I usually supply a case of safety glasses, hearing protection, hardhats and harnesses(if needed) on every job. I tell the guys they MUST use hard hats and eye protection. Work shoes/boots are a given. I give 1 warning for infractions on any of these rules, after that, they're gone.


----------



## Mudstar (Feb 15, 2008)

bent over the barrel


----------



## d-rock (Oct 21, 2009)

Mudstar said:


> bent over the barrel


????


----------



## SUrS2010 (Jan 19, 2010)

I am glad to here that you supply that for your crew. I was working for a guy years ago that was like it doesn't make a hill of beans if you have safety equipment. What a dangerous work environment that was.


----------



## Stormy_Ny (Jun 13, 2009)

d-rock said:


> I usually supply a case of safety glasses, hearing protection, hardhats and harnesses(if needed) on every job. I tell the guys they MUST use hard hats and eye protection. Work shoes/boots are a given. I give 1 warning for infractions on any of these rules, after that, they're gone.

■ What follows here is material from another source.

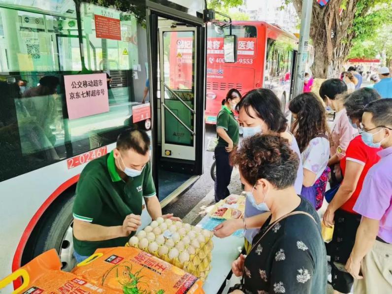 从端午前夕6月9日开始,公交集团推出“公交移动超市”服务,用公交车把食品和日用品送进管控区,助力居民解决采购难题。目前,6台“公交移动超市”专车已覆盖试点区域(石围塘街道)的6个街区, 6月9日至11日,“公交移动超市”共供应肉类13475斤、蔬菜29793斤、米面8671斤以及大批食用油、鸡蛋、水果等物资。从6月4日起,组织8台巴士畅捷“爱心大篷车”进入荔湾区冲口街道,在多个小区开设食品和生活用品保障供应点,服务居民近2.3万人次。适逢端午节,“爱心大篷车”还特意带去各种口味的粽子,受到居民的欢迎。从6月4日起,在羊城通穗康生活平台,提供平台线上下单和集中配送服务,已为管控区成功配送超过11吨生活必需品。从6月9日起,为实行封闭管理的鹤园小区居民配送一日三餐,配送量每天约9000份,一直持续到小区封闭管理结束。

Hard Hats are NOT required by OSHA.... I have beaten the GC every time on this issue. I have it printed off and and copy's are given to the GC. 

In fact it has been proven that hard hats a in themselves a safety hazard. They knock off your center of balance and create pressure on you neck and back. Not to mention every friggin time you bend over they fall off and your reaction is to reach out and get it. 

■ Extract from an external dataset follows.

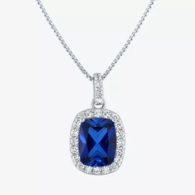 Womens Lab Created Gemstone Sterling Silver Halo Pendant Necklace

The only time Hard Hats are required by OSHA is if there is an over head danger ...... 

It kills me to drive by and see the road guys on a 90 degree day wearing those stupid things ...... What danger is present to require them to wear had hats ???????


----------



## alltex (Jan 31, 2009)

hey d- rock ,safty glasses always fogged on me .do you have a line on some that work ,because i would love to try them .expecialy sanding overhead.


----------



## Stormy_Ny (Jun 13, 2009)

alltex said:


> hey d- rock ,safty glasses always fogged on me .do you have a line on some that work ,because i would love to try them .expecialy sanding overhead.


Sherwin Williams sells a great pair ...very light weight ....fit well. They come in a plastic wrap.


----------



## d-rock (Oct 21, 2009)

alltex said:


> hey d- rock ,safty glasses always fogged on me .do you have a line on some that work ,because i would love to try them .expecialy sanding overhead.


not really, but we use the type that are like glasses.


----------



## d-rock (Oct 21, 2009)

Stormy_Ny said:


> Hard Hats are NOT required by OSHA.... I have beaten the GC every time on this issue. I have it printed off and and copy's are given to the GC.
> 
> In fact it has been proven that hard hats a in themselves a safety hazard. They knock off your center of balance and create pressure on you neck and back. Not to mention every friggin time you bend over they fall off and your reaction is to reach out and get it.
> 
> ...


 You may be right, although I wouldn't bet a benjamin on it. If site isn't busy I don't usually require tapers to wear hard hats. If it is, then yes. Carpenters, when framing and rocking always. no exceptions.


----------



## phoney2 (Jan 20, 2010)

i can see posisably wearing hard hats in and out of the building and maybe walking the hallways but as far as drywall hanger tapers and sanders by this time i think most of the over head work is done of course i dont like hard hats anyways


----------